Je pressais le pas pour rejoindre la taverne du hameau. Je me précipitai à l’intérieur et resserrai les mâchoires en découvrant les photographies en noir et blanc du Caudillo qui tapissaient les murs. Je songeai soudain au tunnel que j’avais creusé dans la rue Coello, à la bombe qui avait projeté l’amiral dans une mort certaine. J’allumai une cigarette et m’effondrai bruyamment sur une chaise.
— Oh ! Pedro, sers-moi deux ou trois cruches de vin rouge.
— Bien sûr, señor, y a-t-il un problème ?
— Garde tes questions Pedro, je voudrais boire tranquille.
Dans la soirée, alors que les ruelles du village étaient désertes, Julen me surprit qui dansait sur la grande table en bois, une bouteille vide dans chaque main. Il entra dans le misérable bar. Il m’agrippa par le bras et me fit basculer contre lui.
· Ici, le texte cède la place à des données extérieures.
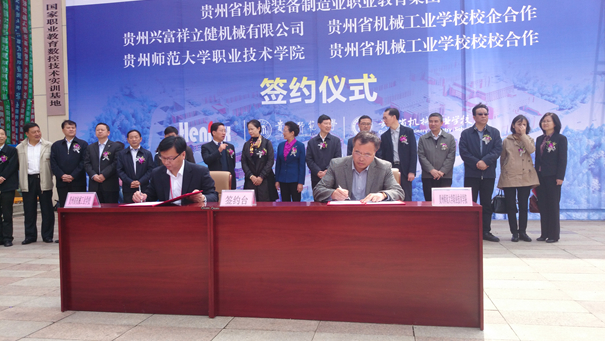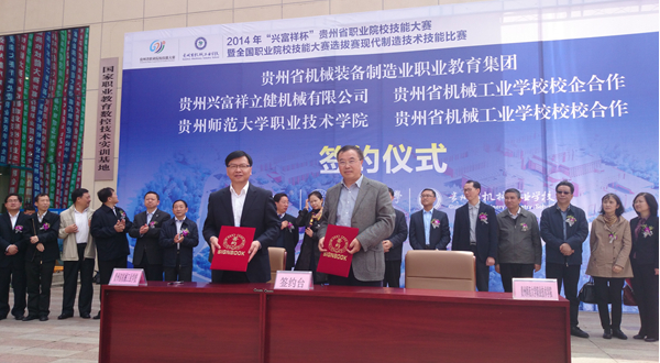 开幕式后,在省人大、省政府、省政协及有关省厅领导的共同见证下,曾宪林院长、武斌如校长分别代表贵州师范大学职业技术学院和贵州省机械工业学校签署两校合作协议。此举有利于双方共建共享师资和实训设施设备,优势互补,切实提高人才培养的针对性、实效性。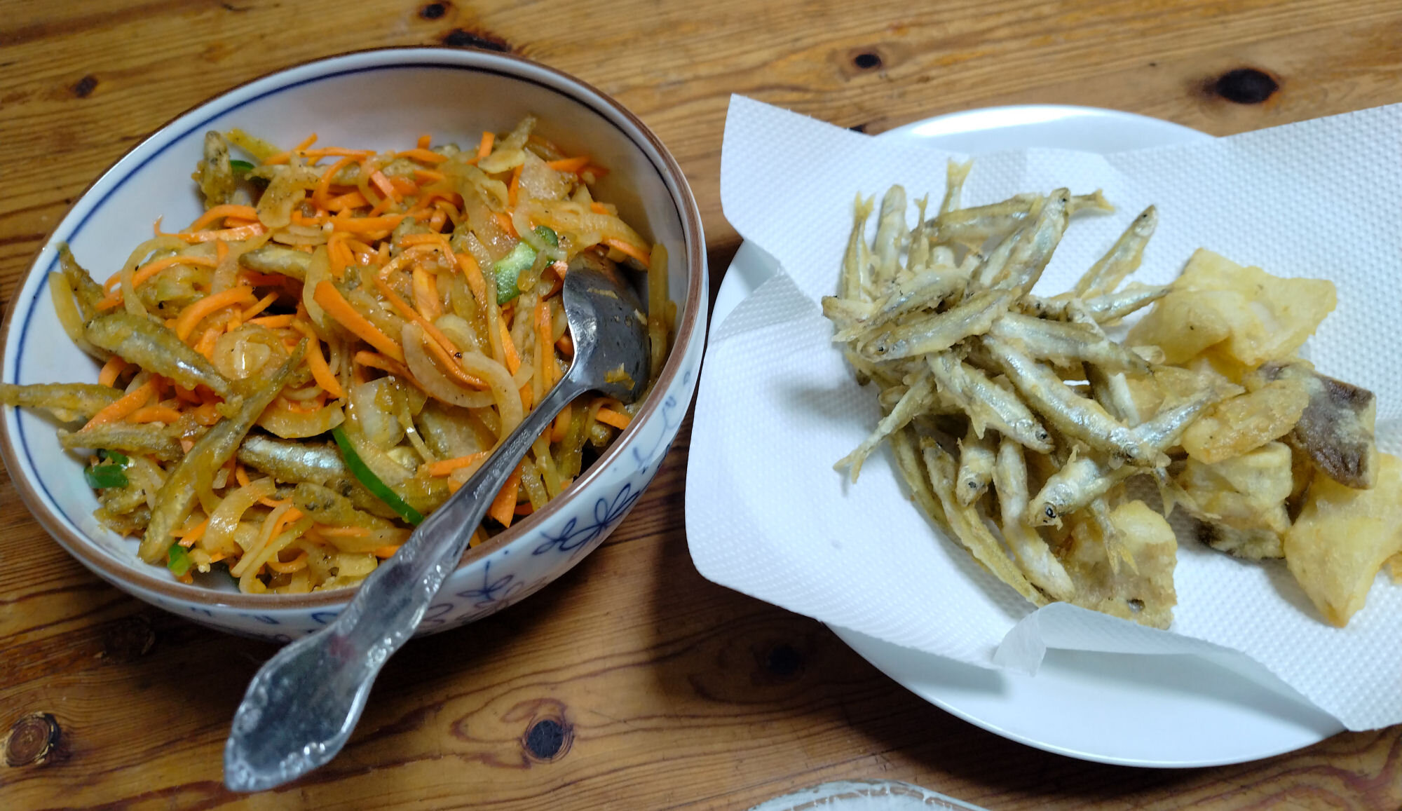 今回も天ぷらと南蛮漬け。1時間くらいで用意できるしうまいしもうこれが定番でいいや。

— Il est temps de rentrer mon ami.
— Quoi ? Tu n’aimes pas t’amuser ?
— Je pense qu’un bain glacé te ferait du bien.
— Je ne vois pas pourquoi.
— Disons que ton haleine n’est pas des plus agréable.
— Pas si vite Julen, je veux boire encore une bouteille et leur dire…
— Suis-moi ! lâcha le lion au moment où il me gifla violemment.
Il régnait un climat étouffant. Julen me poussa vers la sortie en enroulant son bras autour de mon cou. Il m’étranglait pour m’empêcher de parler.
Vers minuit, tandis qu’un vent chaud pénétrait dans la maison chaulée, dans une ambiance de pénombre, il abattit sa main sur mon épaule.
— J’ai une question à te poser, une seule.
— Vas-y.
— Désires-tu mourir ?
— Que veux-tu dire par là ?
— Avec tes imbécilités, combien de temps crois-tu que la Benemerita mettra pour nous retrouver ?
— Je regrette.
— Je n’ai pas bien compris !
— Cela ne se reproduira plus.
— N’imagine pas un seul instant que j’hésiterai à te faire taire à tout jamais si d’aventure, tu ouvres la bouche une fois de plus. Paolino vient de m’appeler.
— Continue.
— Il me paraît utile de te mettre au courant après ta virée de ce soir. Iban s’est fait coincer.
— Comment ?
La semaine dernière, Paolino a reçu la visite de deux officiers de Marine. Il s’est mis à table et a fini par donner l’endroit où le Galicien s’était réfugié, le village d’O' Cebreiro en Galice. Dans le quotidien El País, Paolino est tombé sur un article qui parlait du meurtre d’Iban.